Teams should also take advantage of threat reports regularly issued by IT security vendors. These reports will explain the risk being posed by the cyber warfare incident and the techniques being used.
The reports will also provide details of the likely indicators of compromise (IOCs) so that security teams will know for what they should be monitoring. IOCs can be added to an organisation’s security monitoring platform to provide additional oversight of the infrastructure.
US executive order boosts attention
Here in Australia, the Cyberwarfare Operations branch of Cyber and Electronic Warfare Division within the Department of Defence “undertakes the research and development of new and novel concepts, technologies and techniques in order to enable autonomous, resilient and effective cyber capabilities with an operational edge in the face of ubiquitous encryption, untrustworthy ICT and a highly dynamic and sophisticated threat environment.”*
In the US, the significant threats posed by cyber warfare attacks have been recently highlighted when US President Joe Biden issued an Executive Order. The fact that he deemed it necessary to issue such an order emphasises the clear dangers that countries around the world are facing.
The Order highlights the fact that these threats cannot be countered just through government action. It is also important that potential victims take proactive steps to harden their security measures.
There are six key recommendations contained in the Order that organisations around the world should be taking. They are:
- Sharing information: Mechanisms should be put in place to allow the rapid sharing of threat information between organisations of all sizes. One option is to join a threat sharing group that can disseminate data as soon as it becomes available.
- Improving government cybersecurity: Governments at all levels need to take the steps necessary to improve their own levels of IT security.
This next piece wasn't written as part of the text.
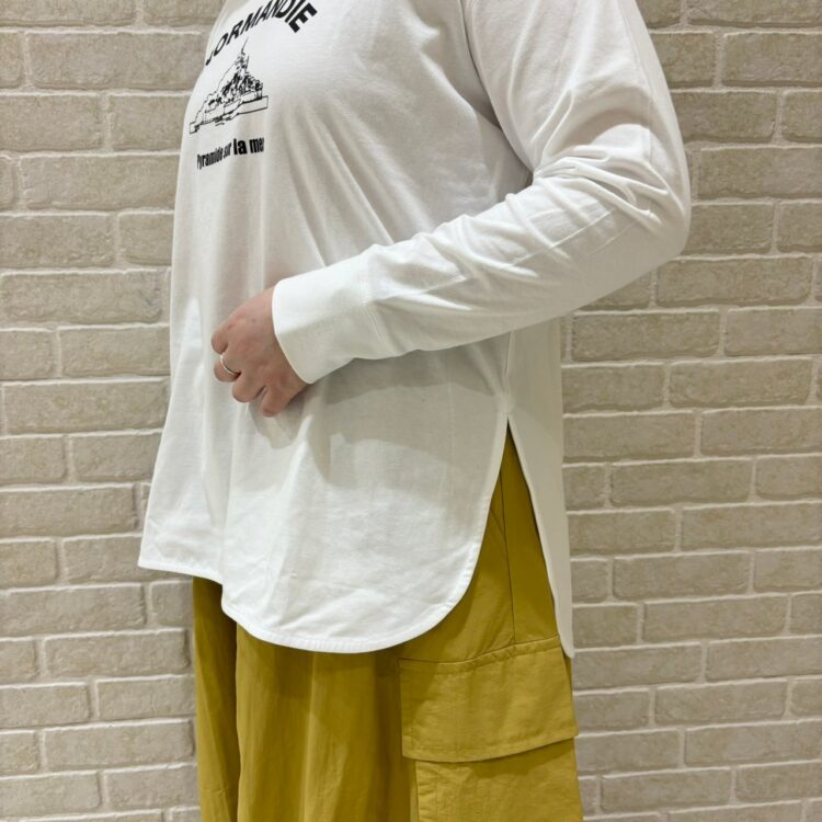 袖はスッキリしたシルエットなのでインナーとして活躍!深めに入ったサイドスリットでスカートのシルエットを崩さず、でも隠したいところはしっかりカバーできます◎
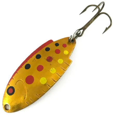 Goudkleurig messing vormt de basis van deze lepel van 7 g, voorzien van de kenmerkende ingekerfde staart die typerend is voor de klassieke ontwerpen van de Thomas Spinning Lure Company. De Golden Trout-afwerking op dit kunstaas van 4,5 cm is opmerkelijk strak, met levendige zwarte, rode en gele stippen geschilderd over het metallic gouden oppervlak om het uiterlijk van een beekforel na te bootsen. In de holle zijde is het model T102 duidelijk ingestempeld, wat duidt op de Amerikaanse oorsprong en de productienormen van de naam Thomas Buoyant. Met productcode 7195 verkeert dit exemplaar in 5/5 conditie, met behoud van de originele hoogglans und scherpe verfdefinitie, inclusief de subtiele reliëf-kieuwlijn bij het oog. Een stevige splitring verbindt de originele gebronsde dreg aan de achterzijde, wat zorgt voor hardware die nog even solide is als op de dag van productie.

This could involve following a zero-trust strategy or taking advantage of secure cloud services.
- Enhancing software supply-chain security: Organisations also need to evaluate their existing software supply chains and identify any potential weaknesses.
- Developing standardised government IT security playbooks: This will ensure that, should a cyber warfare attack occur, security teams will know the steps that should be taken in response. Each playbook should be regularly reviewed and updated.
- Boosting vulnerability detection capabilities: Both public and private-sector organisations need to have the ability to detect and identify threats. There is a wide range of tools on the market that can help to achieve this.
- Improving investigative and remediation capabilities: Automating these tasks can significantly improve the security posture of an organisation. Security teams should consider deploying tools that collect event logs and can scan for suspicious traffic.
In Australia, the government has recently legislated positive cybersecurity obligations for businesses deemed ‘critical infrastructure’, across 11 industries. The obligations require over 2,000 businesses to develop a risk management program to address cyber security. In addition, recent high-profile cyber breaches have also led to increased penalties for businesses that do not sufficiently protect customer data.
By undertaking the key recommendations contained within the US Executive Order and recommendations from the Australian Government, organisations can be much better placed to respond to a cyber warfare incident should one occur. Past incidents have shown the massive destruction and disruption that such attacks can cause and so taking preventative steps is invaluable.